• **Information shown**:
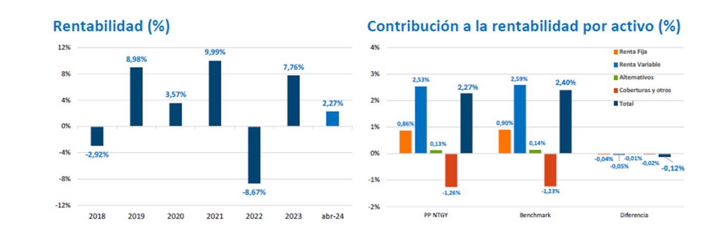 El Fondo de Pensiones se devalúa un 1,06% en abril y el índice de referencia un 1,09%. En el año, el fondo repunta un 2,27%, el índice de referencia un 2,40%.
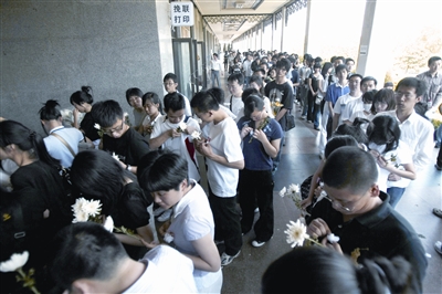 10點(diǎn)10分,譚卓的一個(gè)大學(xué)同學(xué)來(lái)到譚媽媽的身邊,捧出準(zhǔn)備好的花束,躬身獻(xiàn)上。他不愿意透露姓名,只是說(shuō);“我很了解譚卓,媽媽的禮物不能少!”
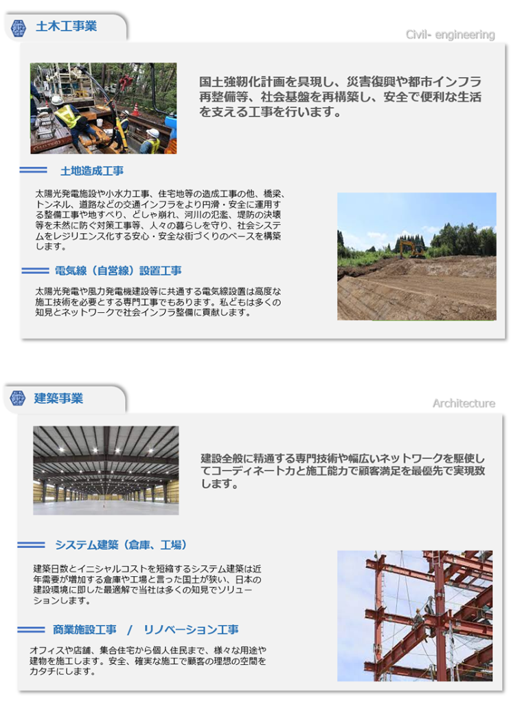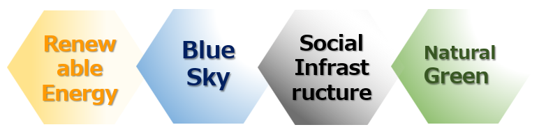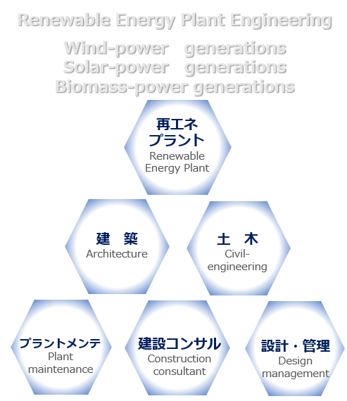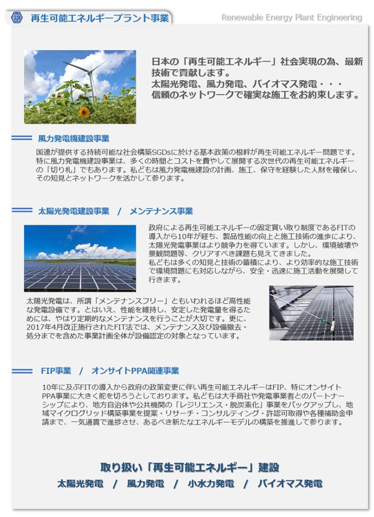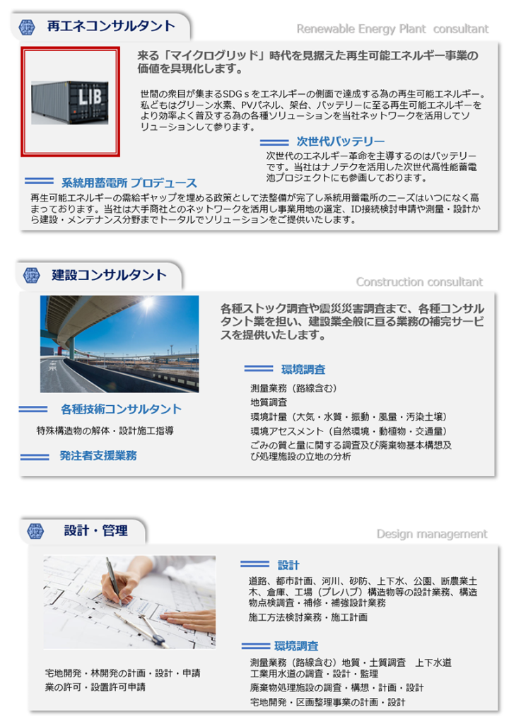 世界を取り巻く不確実性は益々、社会に於けるエネルギーの「革新」を必要としております。 地球温暖化の影響で甚大化する自然災害から社会生活を守り、迅速な復興を目指す国土強靭化計画等、私どもは限りある資源の中で太陽光発電、風力発電機建設事業と言った再生可能エネルギー関連建設業務に於けるコンサルティングや系統用蓄電所に関するすべての業務推進に必要なソリューションを一気通貫で提供し、日本に於ける新しい社会インフラを構築する為、日々研鑽をしてまいります。
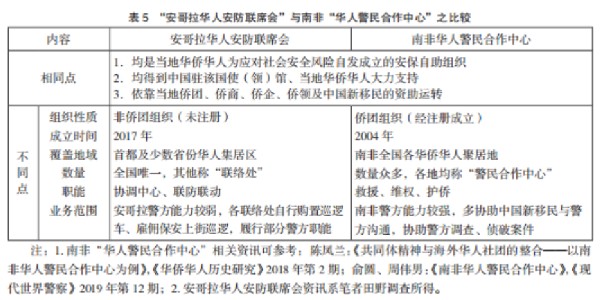 安聯會借鑒了同處非洲大陸的南非華僑華人創設“華人警民合作中心”的成功經驗,二者在維護華僑華人安全方面有頗多相似之處,但安哥拉的國情、僑情與南非有較大不同,安聯會成立時間較晚,其組織架構、機構職能、覆蓋范圍等具有諸多安哥拉特色,更符合安哥拉的社會安全實際(二者比較見表5)。
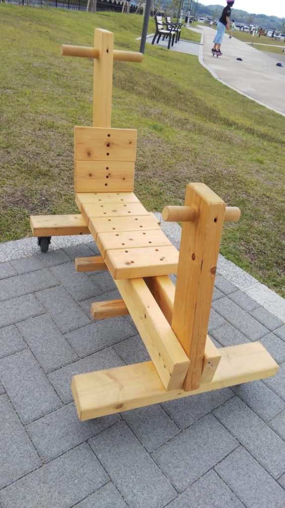 その他の部品は端材としてストックしてあるものを使いました。足を置く部分は杉垂木、前後の持ち手の部分はφ30のヒノキ材、背もたれはヒノキ材の1×4を用いました。後ろの持ち手は、大人が押すために作りました。高さは適当です。妻は持ち手が低すぎて腰が痛いと言っていたので、もう少し高さを工夫すればよかったかもしれません。
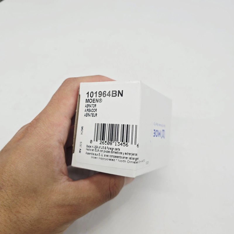 Factory sealed Moen packaging with visible brand labeling and barcode
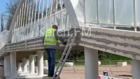 Рабочие восстанавливают конструкцию моста, прокладывают новую подсветку, изолируют ее.
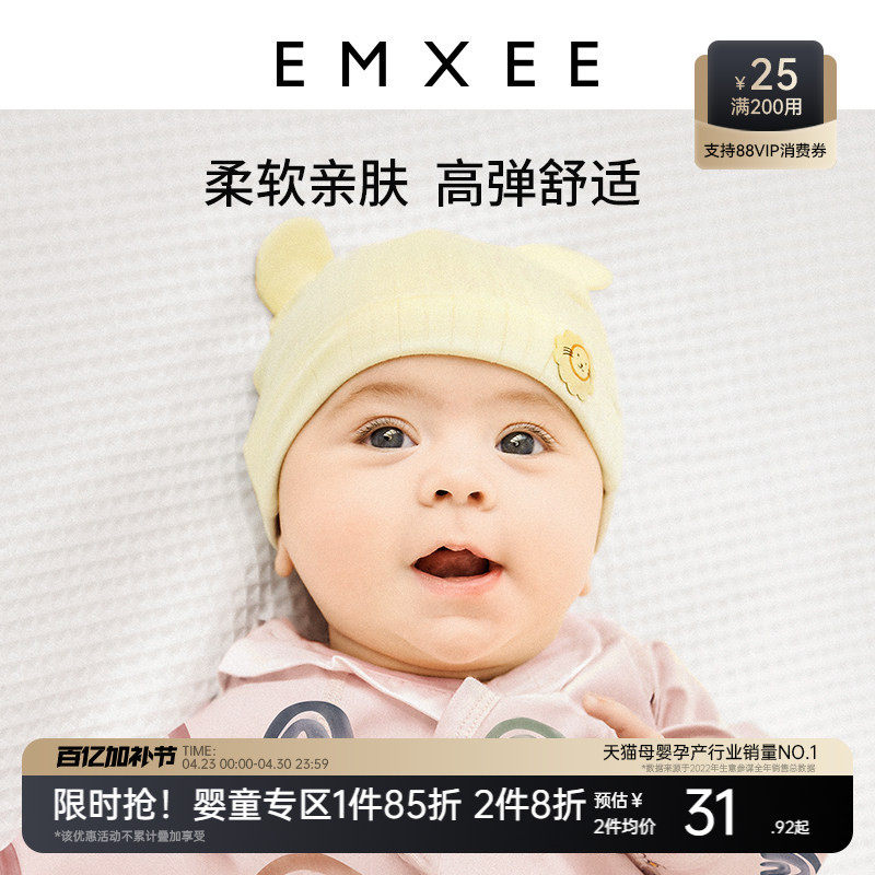 嫚熙婴儿帽子夏薄款新生儿胎帽小月龄婴幼儿无骨宝宝初生护囟门帽
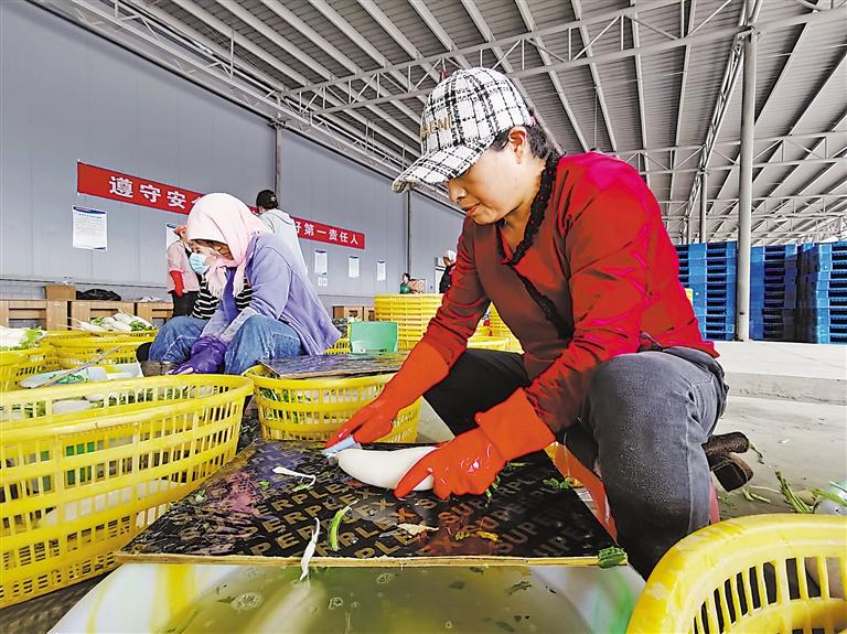 良田镇金星村汉白玉萝卜分拣加工车间。
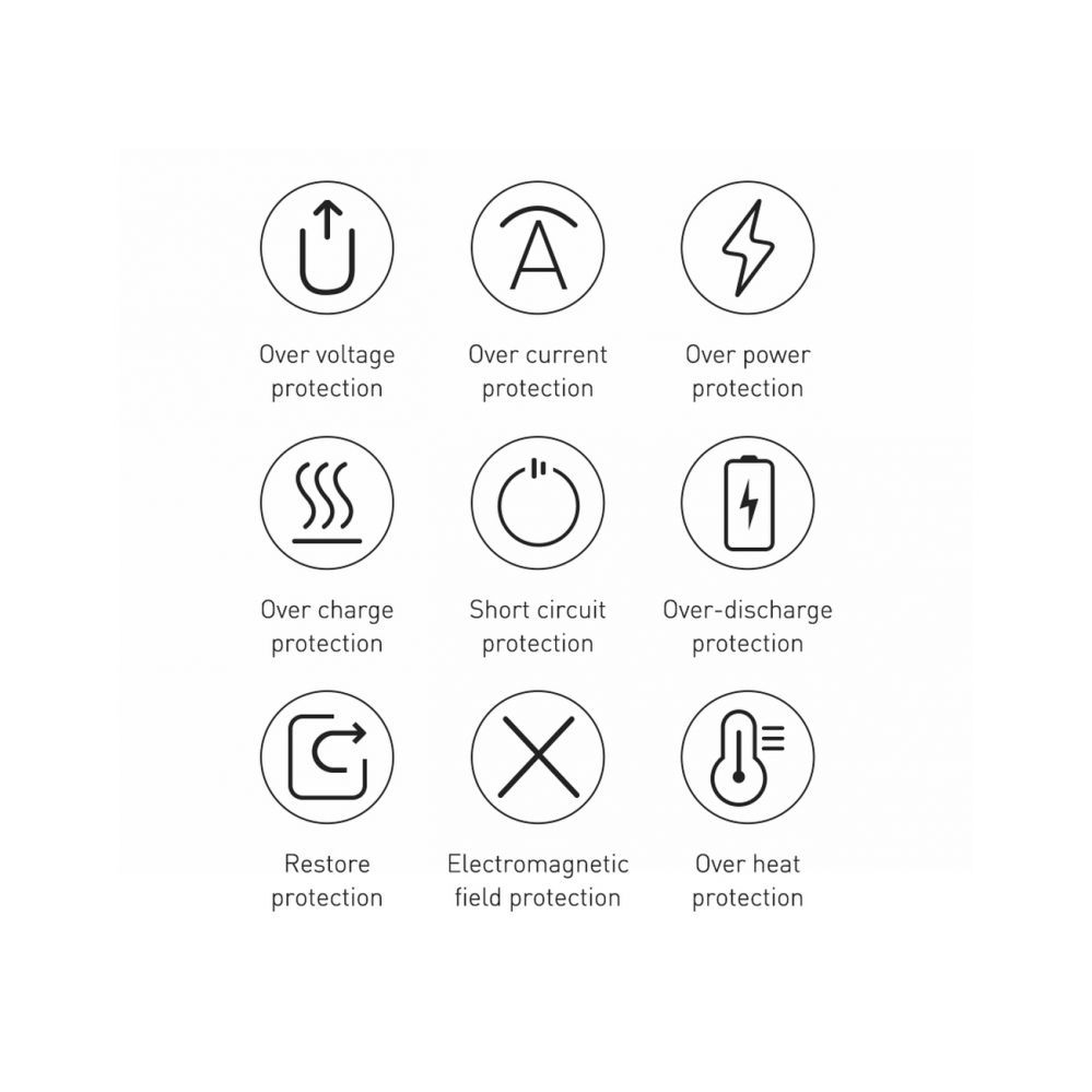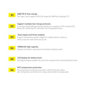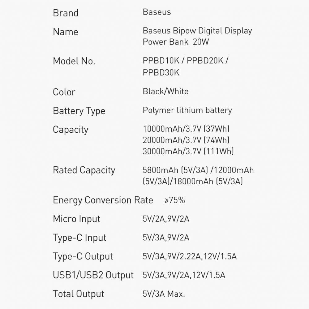 • Outputs: USB1/USB2 18W (5V/ 3A, 9V/2A, 12V/1.5A); USB-C 20W (5V/3A, 9V/2.22A, 12V/1.5A)
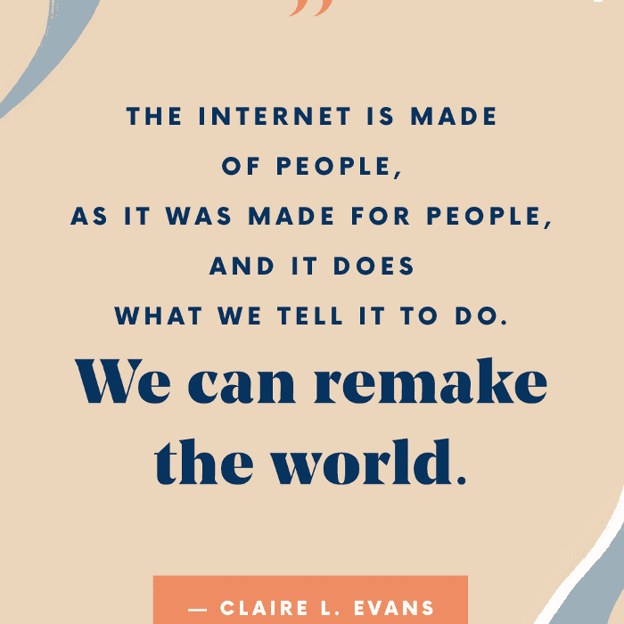 埃文斯写道:“餐桌上的多样性越多,屏幕上的结果就越有趣,越人性化越好。”为妇女创造数字产品,为她们建立社区,并欢迎她们就业是取得进展的第一步。“没有合适的工程师……没有合适的教育,没有合适的职业道路,”她说。“互联网是由人组成的,就像它是为人而造的一样,它做我们让它做的事情。我们可以重塑世界。”
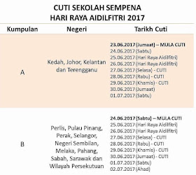 Sekolah Cuti Ganti Sempena Hari Raya Aidilfitri 2017 Blog Ibu Mifzal
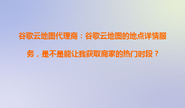 2025-10-23谷歌云地图代理商解析:地点详情服务如何帮助获取商家热门时段? 一、谷歌云地图地点详情服务简介 谷歌云地图(GoogleMapsPlatform)作为全球领先的地理位置服务提供商,其地点详情服务(PlacesAPI)为...
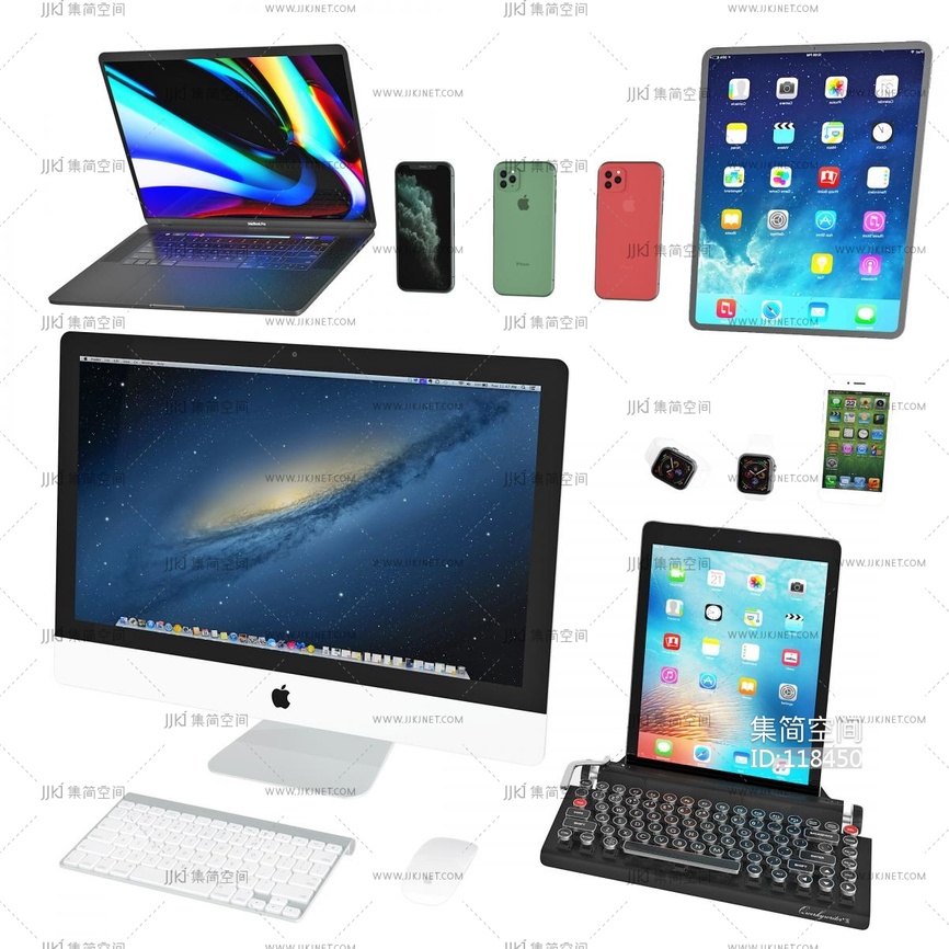 现代苹果电脑_IPAD_手机_苹果显示器 3d模型下载 [模型ID:118450]

• **About this exercise**:
Transcribe exactly the span of lines that opens with the line holding "その他の部品は端材としてスト" and closes with the last line of the entries above. Omit pictures.

• **Solution below**:
 その他の部品は端材としてストックしてあるものを使いました。足を置く部分は杉垂木、前後の持ち手の部分はφ30のヒノキ材、背もたれはヒノキ材の1×4を用いました。後ろの持ち手は、大人が押すために作りました。高さは適当です。妻は持ち手が低すぎて腰が痛いと言っていたので、もう少し高さを工夫すればよかったかもしれません。
 Factory sealed Moen packaging with visible brand labeling and barcode
 Рабочие восстанавливают конструкцию моста, прокладывают новую подсветку, изолируют ее.
 嫚熙婴儿帽子夏薄款新生儿胎帽小月龄婴幼儿无骨宝宝初生护囟门帽
 良田镇金星村汉白玉萝卜分拣加工车间。
 • Outputs: USB1/USB2 18W (5V/ 3A, 9V/2A, 12V/1.5A); USB-C 20W (5V/3A, 9V/2.22A, 12V/1.5A)
 埃文斯写道:“餐桌上的多样性越多,屏幕上的结果就越有趣,越人性化越好。”为妇女创造数字产品,为她们建立社区,并欢迎她们就业是取得进展的第一步。“没有合适的工程师……没有合适的教育,没有合适的职业道路,”她说。“互联网是由人组成的,就像它是为人而造的一样,它做我们让它做的事情。我们可以重塑世界。”
 Sekolah Cuti Ganti Sempena Hari Raya Aidilfitri 2017 Blog Ibu Mifzal
 2025-10-23谷歌云地图代理商解析:地点详情服务如何帮助获取商家热门时段? 一、谷歌云地图地点详情服务简介 谷歌云地图(GoogleMapsPlatform)作为全球领先的地理位置服务提供商,其地点详情服务(PlacesAPI)为...
 现代苹果电脑_IPAD_手机_苹果显示器 3d模型下载 [模型ID:118450]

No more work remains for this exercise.